31lettere chinnici
La mattina del 29 luglio 1983 i palermitani cominciavano la loro giornata con la solita carica di ottimismo con cui affrontano le difficoltà della vita, mai immaginando che alle 8 e 35 di quella caldissima giornata sarebbe accaduto in via Pipitone un fatto sconvolgente. Rocco Chinnici, il Procuratore di Palermo che ideò il pool antimafia e che istruì il primo maxiprocesso, venne dilaniato dall’esplosione dell’autobomba imbottita di tritolo e la stessa orrenda fine fecero i due agenti della sua scorta Mario Trapani e Salvatore Bartilotta e il portiere dello stabile di via Pipitone dove abitava il magistrato e che lo seguiva con la borsa in mano.
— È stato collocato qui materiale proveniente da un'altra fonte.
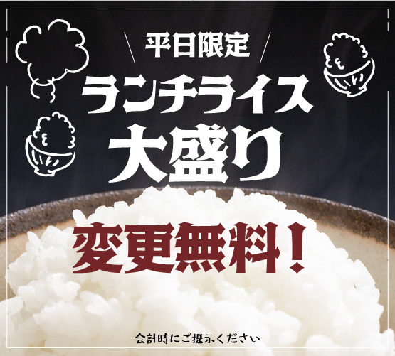 【LINE友だち限定】平日限定!ランチライス大盛り🍚無料クーポン配信中🎁
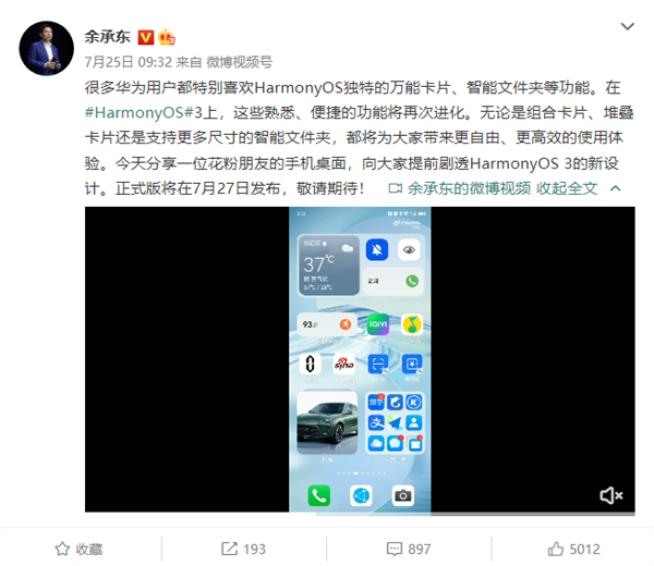 其中最容易被用户感受到的就是全新的桌面体系,从余承东晒出的桌面录屏就能看到,HarmonyOS 3上的万能卡片自定义程度非常高,还可以组合、堆叠各种不同的卡片,桌面图标合并且自定义文件夹大小、样式。

Una esplosione assordante e una fiammata accecante, simile a una eruzione vulcanica, straziarono i loro corpi. Saltarono in aria altre auto e il palazzo subì gravi lesioni.

Dietro l’autobomba, che aprì la stagione delle stragi mafiose al tritolo creando la duratura immagine di Palermo come Beirut, c’erano un patto scellerato tra mafia militare e potere politico-economico e anche una giustizia “sonnolenta”. Rocco Chinnici entrò in magistratura nel 1952 e fu destinato al Tribunale di Trapani. Dopo essere stato per dodici anni Pretore a Partanna venne trasferito nel maggio del 1966 all’Ufficio Istruzione del Tribunale di Palermo come Giudice Istruttore. E presso lo stesso Tribunale venne promosso nel novembre 1979 Consigliere Istruttore. In questo periodo maturò l’idea di costituire un pool antimafia, chiamandovi a farne parte Giovanni Falcone, Paolo Borsellino e altri coraggiosi magistrati. Il primo grande processo alla mafia, il cosiddetto maxiprocesso di Palermo, iniziato dopo la sua morte e concluso nel 1987, fu il risultato del lavoro istruttorio svolto da questo pool.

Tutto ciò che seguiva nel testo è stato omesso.